RECORDS TO PROCESS.
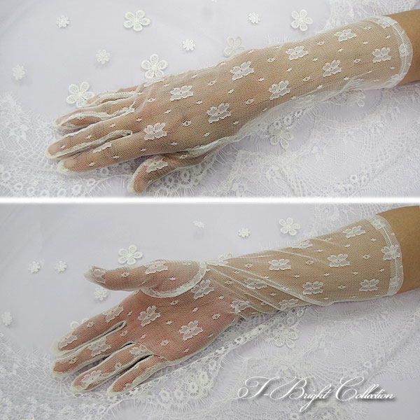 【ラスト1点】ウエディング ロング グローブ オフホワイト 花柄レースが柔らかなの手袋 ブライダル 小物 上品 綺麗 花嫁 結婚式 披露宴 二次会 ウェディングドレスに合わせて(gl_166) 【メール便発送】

...

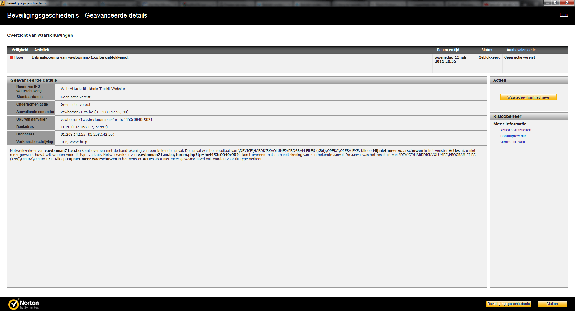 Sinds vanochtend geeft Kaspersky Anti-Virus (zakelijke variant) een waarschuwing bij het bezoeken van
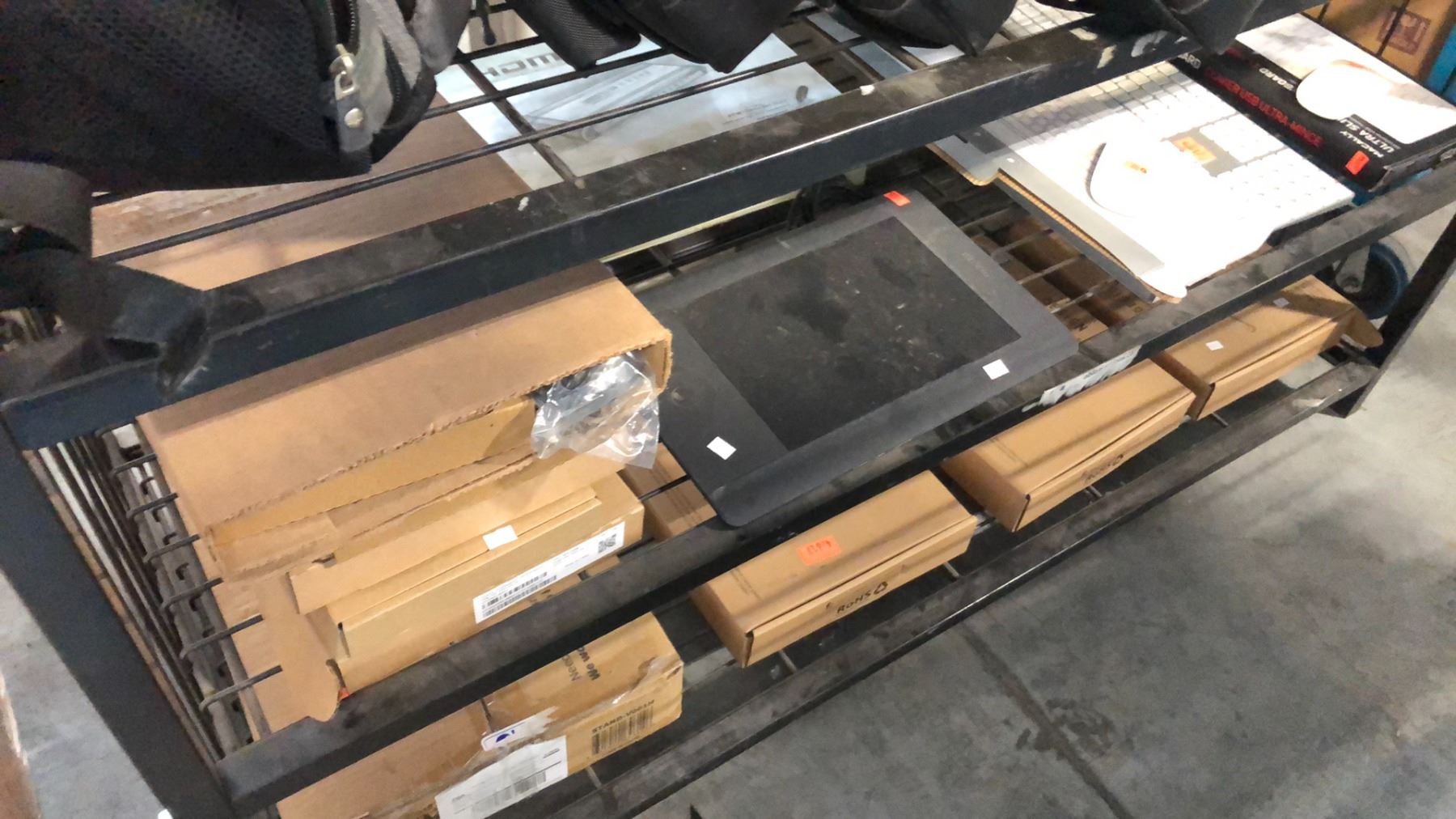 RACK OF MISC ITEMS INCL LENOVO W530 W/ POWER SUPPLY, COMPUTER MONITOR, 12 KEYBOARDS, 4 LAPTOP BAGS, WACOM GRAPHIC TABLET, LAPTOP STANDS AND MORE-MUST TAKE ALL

...

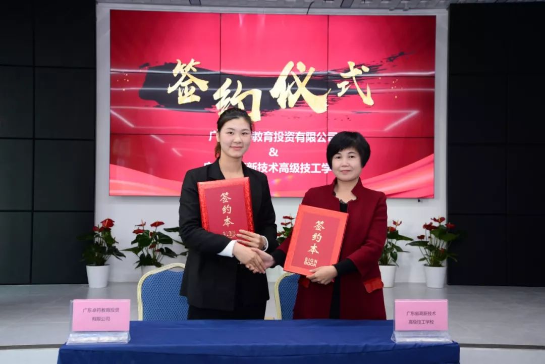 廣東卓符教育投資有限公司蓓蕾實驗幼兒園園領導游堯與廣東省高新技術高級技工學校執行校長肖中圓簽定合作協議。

PROBLEM TO SOLVE.
Look through the listing above for the line with "Sinds vanochtend geeft" and the line with "RACK OF MISC". Write out exactly those lines and everything between, leaving out pictures.

RESPONSE TO THIS EXERCISE.
 Sinds vanochtend geeft Kaspersky Anti-Virus (zakelijke variant) een waarschuwing bij het bezoeken van
 RACK OF MISC ITEMS INCL LENOVO W530 W/ POWER SUPPLY, COMPUTER MONITOR, 12 KEYBOARDS, 4 LAPTOP BAGS, WACOM GRAPHIC TABLET, LAPTOP STANDS AND MORE-MUST TAKE ALL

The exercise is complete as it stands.